Background information
- Born: November 7, 1984 (age 41) New York City, U.S.
- Genres: Shoegaze; indie rock; post-punk; dream pop;
- Occupations: Musician; singer-songwriter; model; music video director;
- Instruments: Vocals; guitar; bass; drums;
- Years active: 2009–present
- Label: Captured Tracks
- Member of: DIIV
- Formerly of: Soft Black; Beach Fossils; Darwin Deez;
- Website: diivnyc.tumblr.com

= Zachary Cole Smith =

American singer

Zachary Cole Smith (born November 7, 1984) is an American musician best known for being the founder, frontman, and principal songwriter of the indie rock band DIIV. Previously, he played in the bands Soft Black and Beach Fossils. Initially called Dive, the band started as Smith's solo recording project. Smith released his debut studio album with DIIV, Oshin, in 2012, which combined elements of krautrock, post-punk and shoegaze. He has directed music videos for DIIV and Sky Ferreira. Outside of his work in the music industry, Smith has modeled for Saint Laurent on multiple occasions. DIIV's second studio album, Is the Is Are, was released on February 5, 2016. On October 4, 2019, DIIV's third album, Deceiver, was released on Captured Tracks.
On May 24, 2024, DIIV released their fourth album, "Frog in Boiling Water", to critical acclaim.

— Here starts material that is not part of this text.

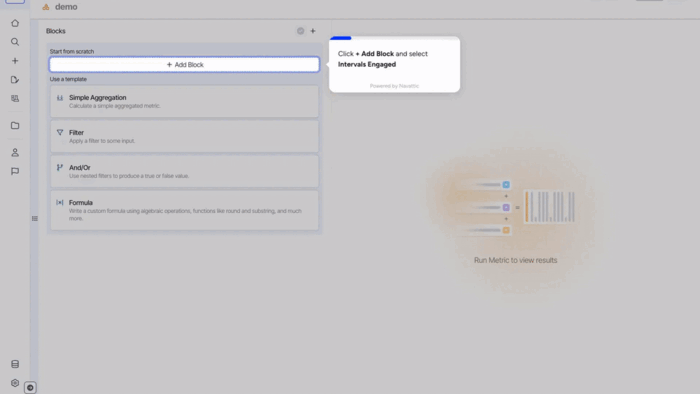 Intervals engaged block calculates the number of time intervals, such as days or weeks, during which a user or other actor interacted with a product or service. This block is useful for measuring user engagement with a product, feature, new release, or experiment.

== Early life and education ==
Smith was born in New York City on November 7, 1984. His father Zack Smith is a musician, songwriter, and founder of the band Scandal. His mother, Deborah E. MacIntyre, was a fashion editor for Vogue magazine.

Smith has played guitar since he was a small child. He started a short-lived band with future DIIV bandmate Andrew Bailey in high school. At the time, he considered music more of a hobby than a calling.

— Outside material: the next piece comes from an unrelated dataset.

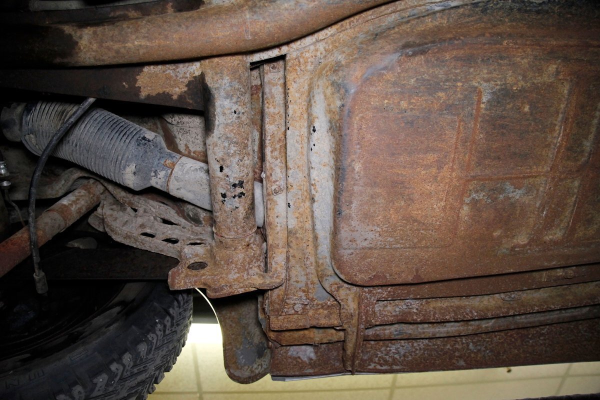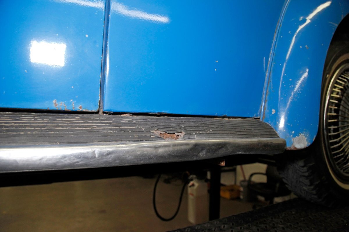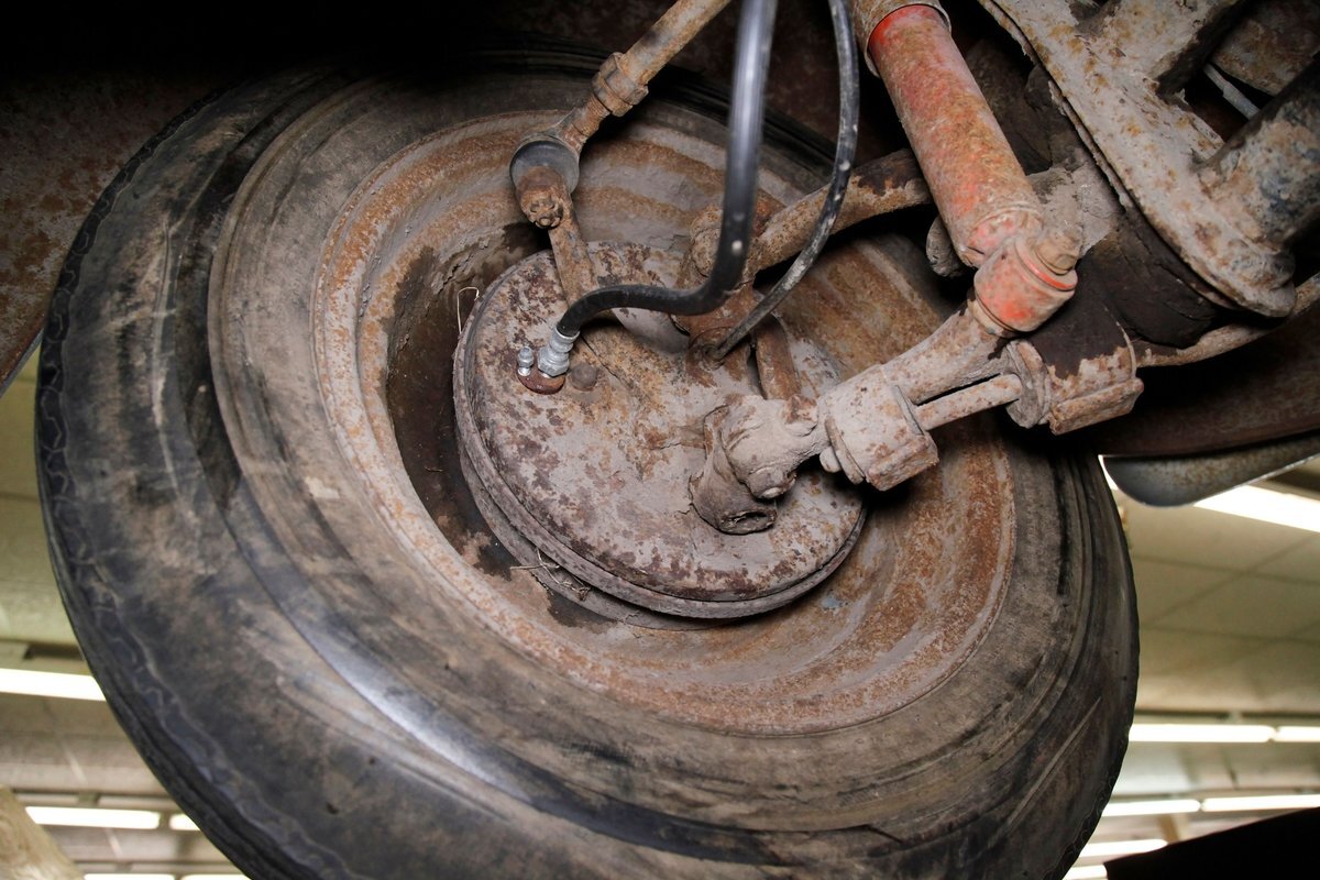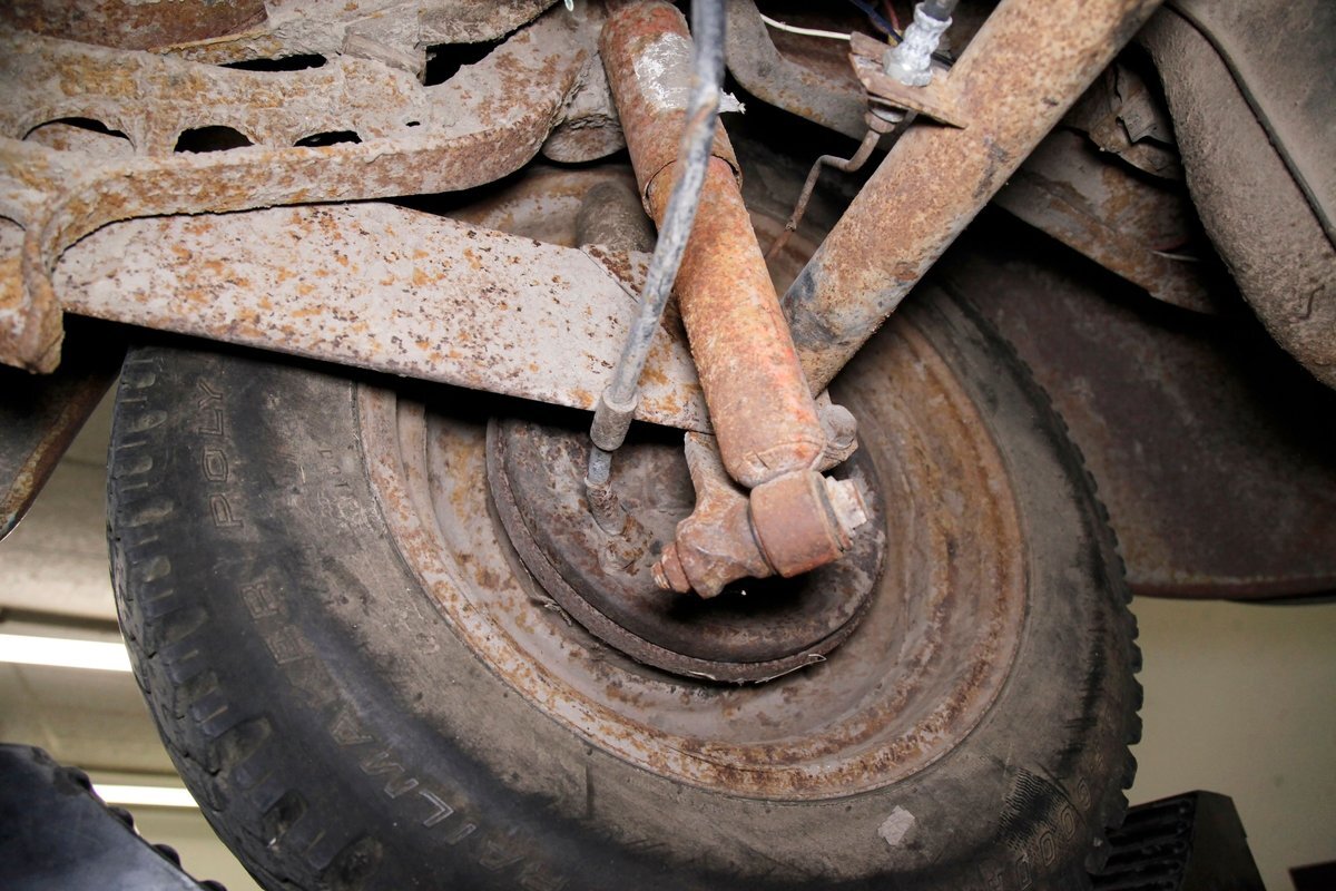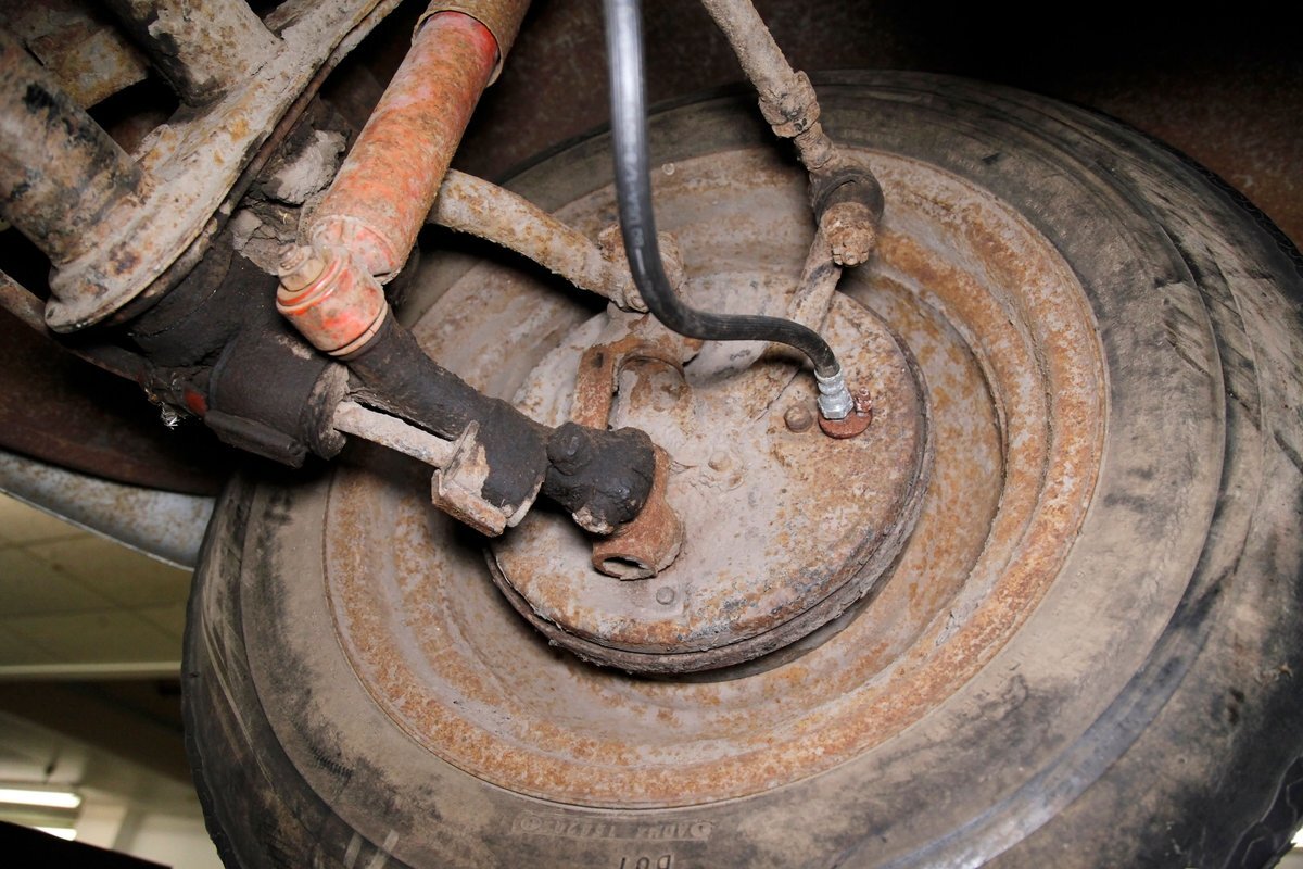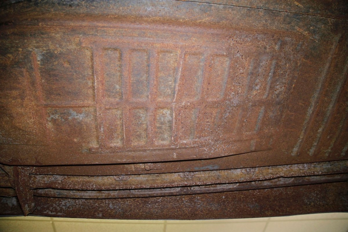 Moderate to heavy surface rust is attaching itself to all the various parts on the undercarriage. Steel stamped floor pans have just a few holes of invasive rust. For the suspension, it shows as independent transverse torsion bars upfront, and independent swing axle trailing arm with torsion bars on the rear. Drum brakes are on all 4 corners to bring this bug to a safe and stable halt. All are surface rusted.

Smith had disciplinary problems as a teenager and was often suspended during middle school. As a freshman in high school, he and his friend threw rocks at truck windows in a Wal-Mart parking lot in the pursuit of cigarettes. Both boys were arrested, and Smith was expelled from school. He attended six different schools in five years, including St. Luke's School and The Beekman School. Smith graduated from Wooster School in Danbury, Connecticut. In 2004, he enrolled at Hampshire College to study music and film. He did not graduate.

== Career ==
After leaving Hampshire College, Smith worked construction and landscaping jobs in Northampton. In New York City, he worked at Angelica Kitchen, an East Village vegan restaurant established in the 1970s. He became involved with New York's underground music scene through the artists and musicians that frequented the restaurant. In an interview with The Fader, he said “It was just something I knew how to do.” He began playing guitar in Soft Black around 2009, and after meeting Dustin Payseur he played drums for Beach Fossils in several gigs. He left Beach Fossils to travel for a year and rejoined in 2010 as a guitar player for the band's tour. Smith also played guitar on tour with the indie band Darwin Deez.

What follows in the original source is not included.